ScienceExtreme global warming could see major ocean life extinction

Extreme global warming could see major ocean life extinction


A computer model based on past mass extinctions predicts the percentages of marine organisms that may be lost in best and worst-case scenarios



Environment



28 April 2022

Fish in the Ceram Sea off Indonesia

Fish in the Ceram Sea off Indonesia

Alex Mustard/Nature Picture Library/Alamy

How badly will ocean animals be hit as Earth warms? A computer model based on the oxygen requirements of marine organisms may provide an answer.

Our oceans already contain about 2 per cent less oxygen than 50 years ago, because the gas is less soluble in warmer water. Many organisms are therefore moving polewards to cooler regions. As the oceans continue to warm, some will be left with nowhere to go, with polar species being hit hardest.

To better understand the scale of the risk, Curtis Deutsch at Princeton University and Justin Penn at the University of Washington in Seattle have developed a model that predicts when animal species may go extinct. This is based on projections of when the amount of suitable habitat available to marine species will fall below a critical level, due to oxygen declines.

They calibrated their model using data from past mass extinctions. The model doesn’t take into account other pressures on marine life, such as overfishing, pollution and the loss of coral reefs from bleaching.

Nevertheless, the model suggests marine extinctions will rise gradually alongside ocean warming, passing 10 per cent once around 6°C of warming on average across the seas is reached.

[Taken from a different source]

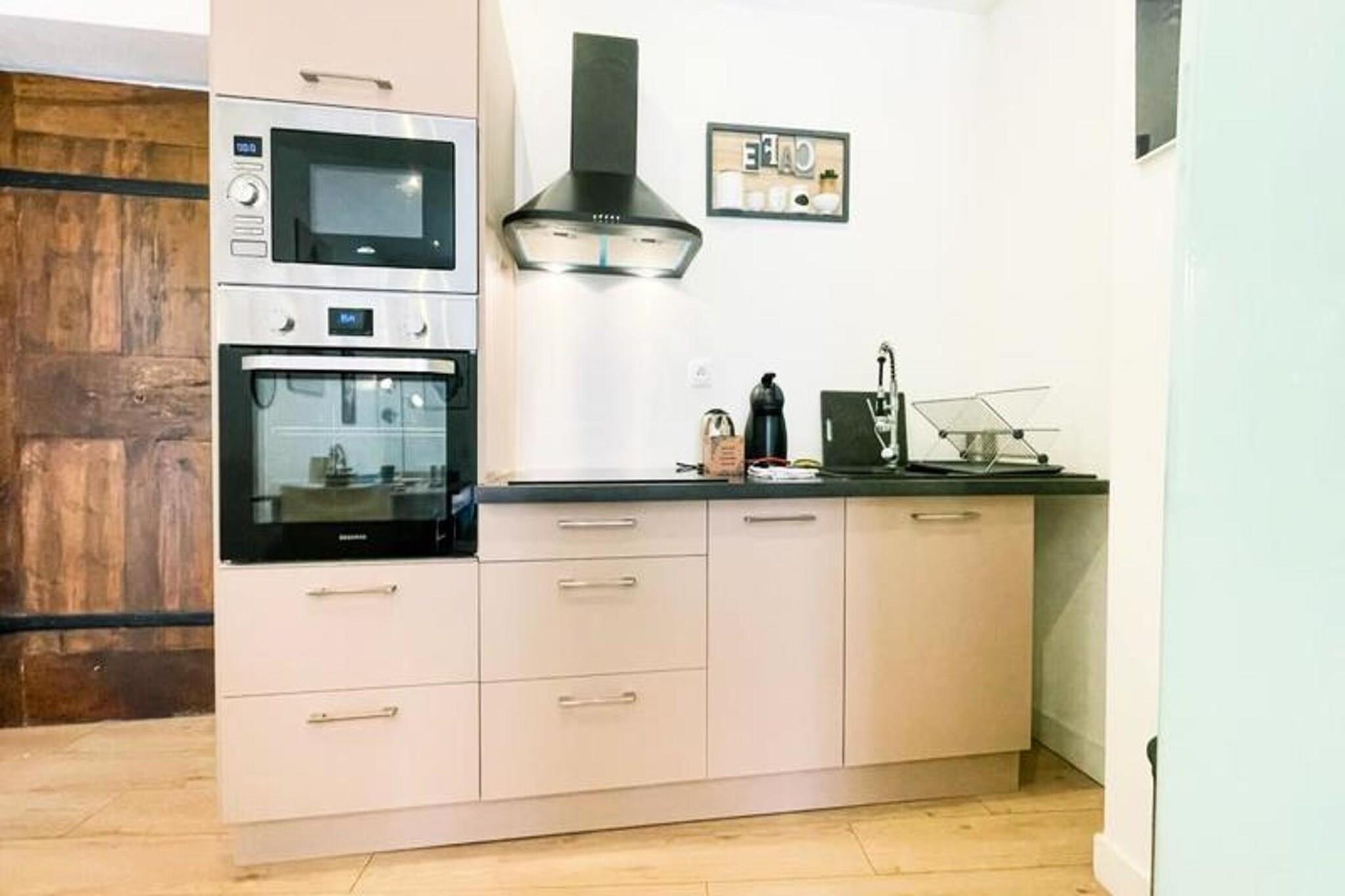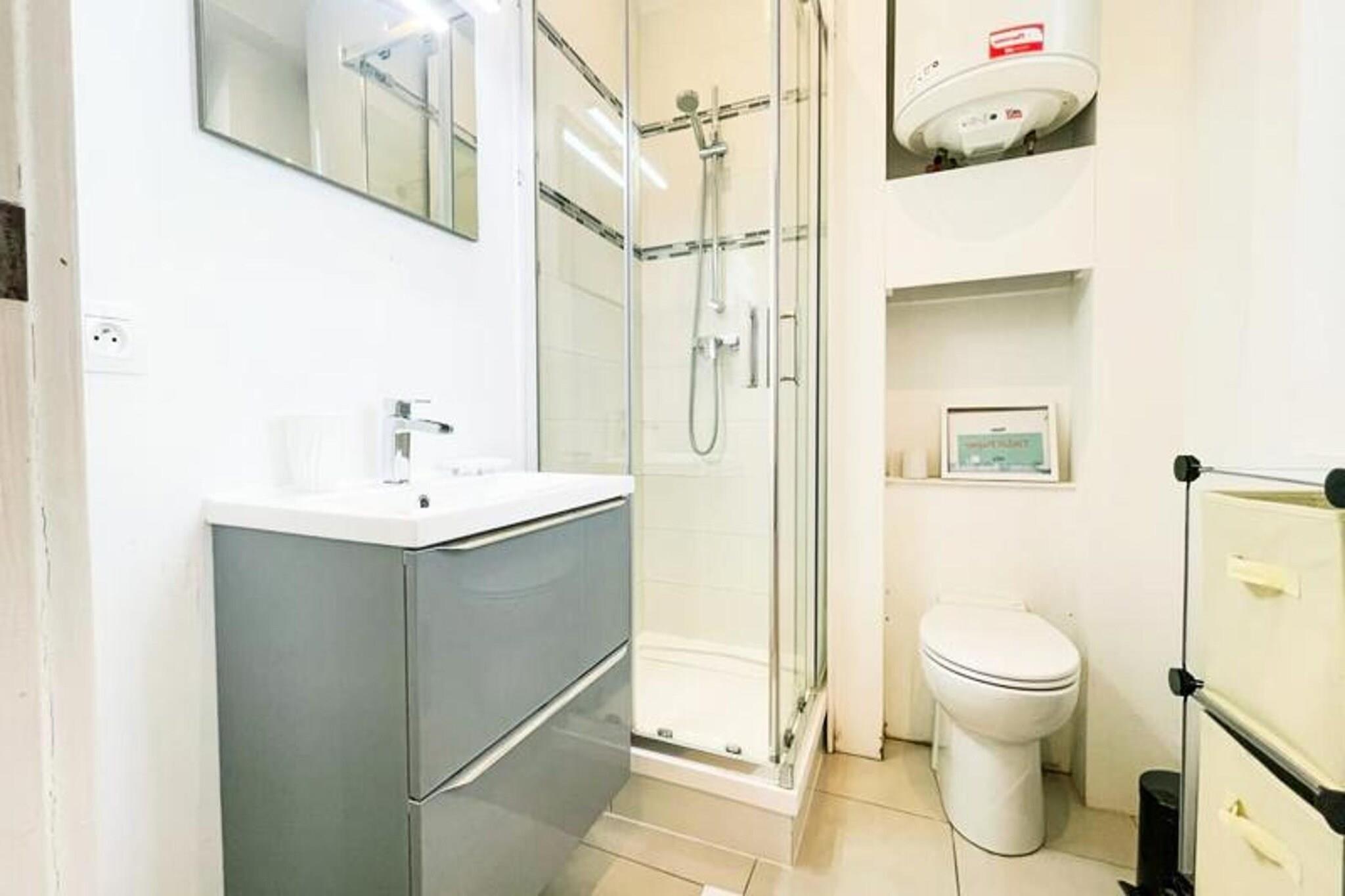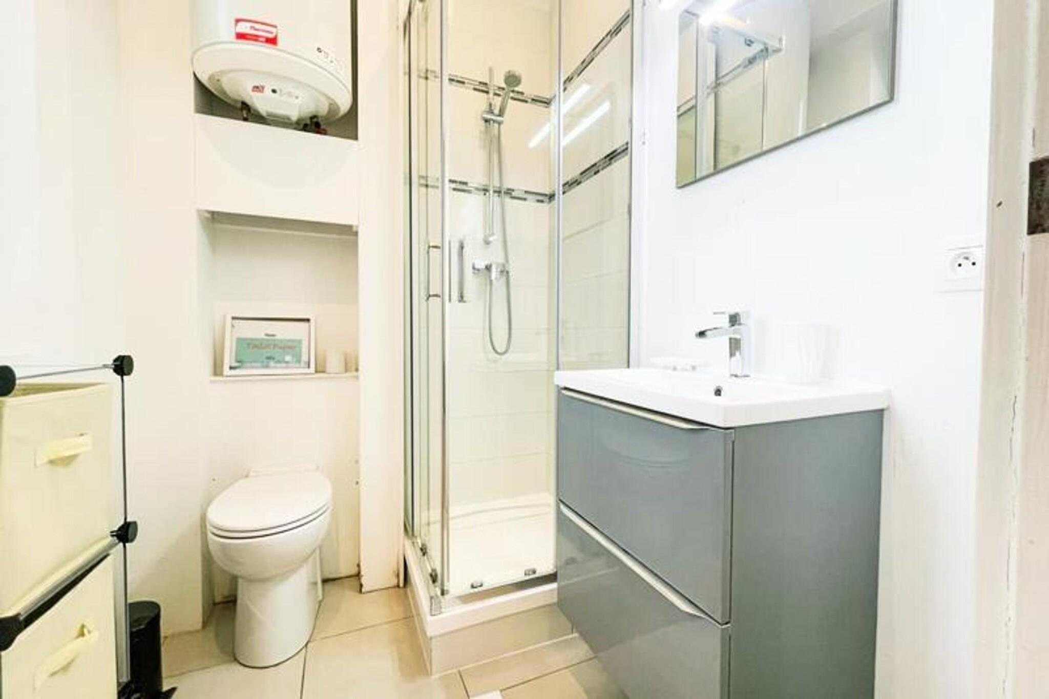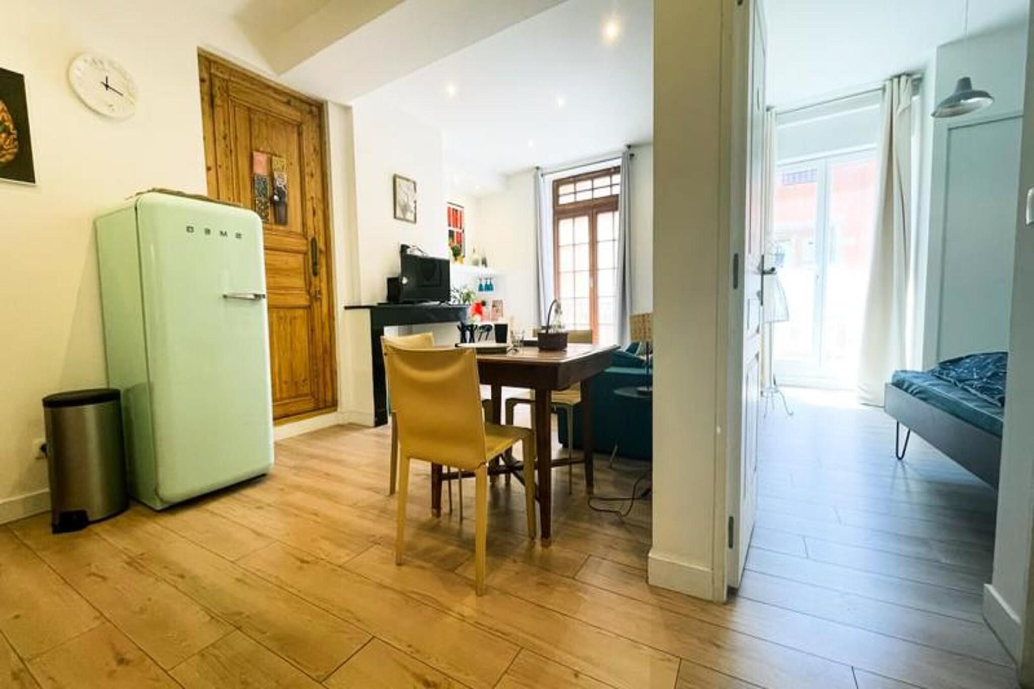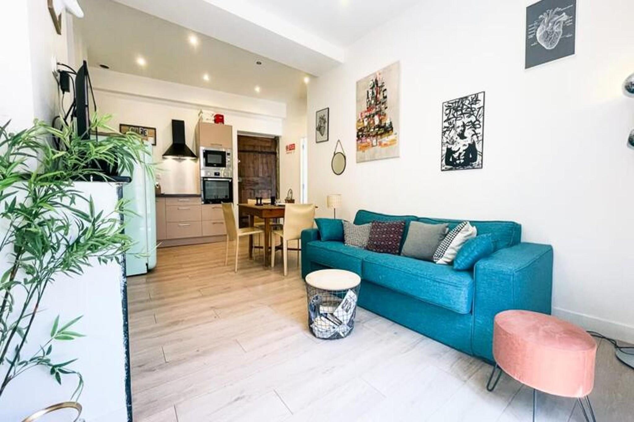This chic T2 apartment offers a cozy stay in the heart of Grenoble. Located on the third floor (without an elevator), it features a double bedroom with a queen-sized bed, a sofa bed in the living room, and a newly renovated bathroom. The apartment accommodates up to 2 guests and is pet-friendly with an additional fee. Amenities include high-speed Wi-Fi, a television, and a fully equipped kitchen with modern appliances such as a SMEG fridge/freezer, oven, microwave, toaster, kettle, induction hob, and Dolce Gusto coffee maker. Bed linens and towels are provided, along with plenty of storage space. The apartment is ideally located in the historic city center, just a 3-minute walk from the Sainte Claire les Halles tram stop (Tram B) and the lively Galeries Lafayette. The area is full of cafes, terraces, and charming restaurants, including the oldest restaurant in Grenoble, La Table Ronde, dating back to 1739. A covered market hall, with fresh local products, is only a 3-minute walk away, and the city garden offers shaded terraces during the summer. You’ll be right in the heart of Grenoble's vibrant atmosphere. The apartment also offers a well-equipped kitchen and a modern bathroom with a towel dryer. Enjoy the simple yet refined décor throughout the space. For convenience, parking is available nearby, with the Lafayette car park just a 3-minute walk away and the Museum car park 5 minutes away.

After 8°C, the percentage will increase more rapidly, passing 40 per cent at around 14°C of warming.

One key uncertainty is how quickly marine organisms will colonise new habitats. If they move more quickly than in the median scenario, the proportion of species going extinct would remain well below 5 per cent until around 8°C of warming.

The paper cites the 2021 report by the Intergovernmental Panel on Climate Change (IPCC) to show temperature increases of this magnitude are possible.

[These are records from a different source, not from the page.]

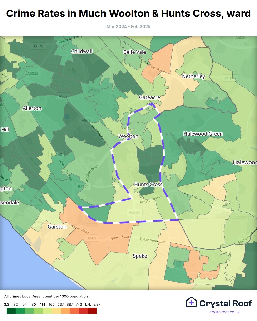 Much Woolton & Hunts Cross, (ward) includes areas with the following crime ratings (see map):
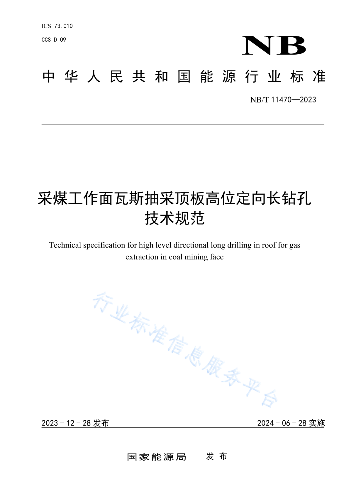 NB/T 11470-2023 采煤工作面瓦斯抽采顶板高位定向长钻孔技术规范
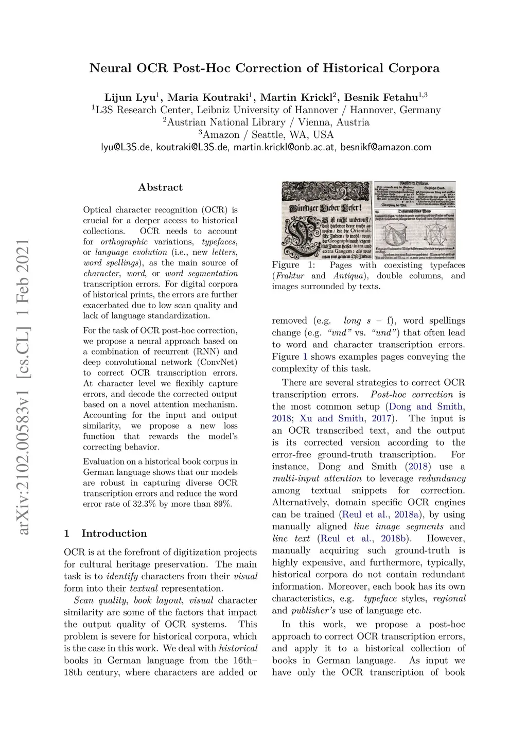 Optical character recognition (OCR) is crucial for a deeper access to historical collections. OCR needs to account for orthographic variations, typefaces, or language evolution (i.e., new letters, word spellings), as the main source of character, word, or word segmentation transcription errors. For digital corpora of historical prints, the errors are further exacerbated due to low scan quality and lack of language standardization. For the task of OCR post-hoc correction, we propose a neural approach based on a combination of recurrent (RNN) and deep convolutional network (ConvNet) to correct OCR transcription errors. At character level we flexibly capture errors, and decode the corrected output based on a novel attention mechanism. Accounting for the input and output similarity, we propose a new loss function that rewards the model's correcting behavior. Evaluation on a historical book corpus in German language shows that our models are robust in capturing diverse OCR transcription errors and reduce the word error rate of 32.3% by more than 89%.

“Under the high-emissions scenario, surface air warming could reach… 10° to 18°C over the next three centuries,” the paper states. However, this high-emissions scenario isn’t considered likely and the world is thought to be heading for around 3°C by 2100.

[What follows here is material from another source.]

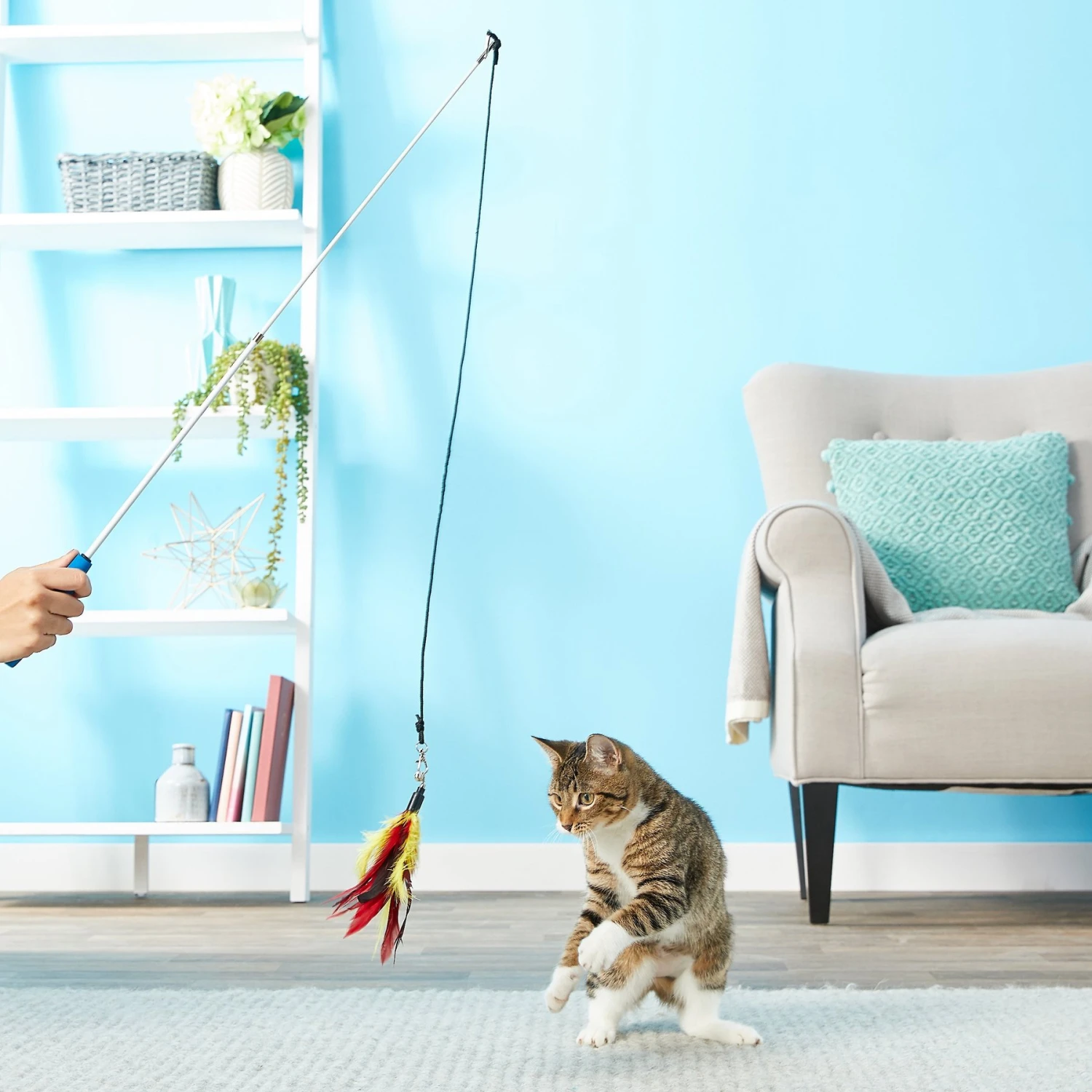 - Comes with two feathery attachments for your cat to chase and a detachable bell to keep her interested.

“We aren’t predicting the future or taking anything as a given,” says Deutsch. “We are saying that still plausible projections of the future will result in a mass extinction. Scenarios that mitigate strongly will avoid that outcome.”

Writing in an editorial that accompanies the research, Malin Pinsky at Rutgers University in New Jersey said: “Fortunately, greenhouse gas emissions are not on track for the worst-case scenario.

“How close to the best-case scenario human society can hew, however, remains one of the most pressing questions for the future of life in the oceans.”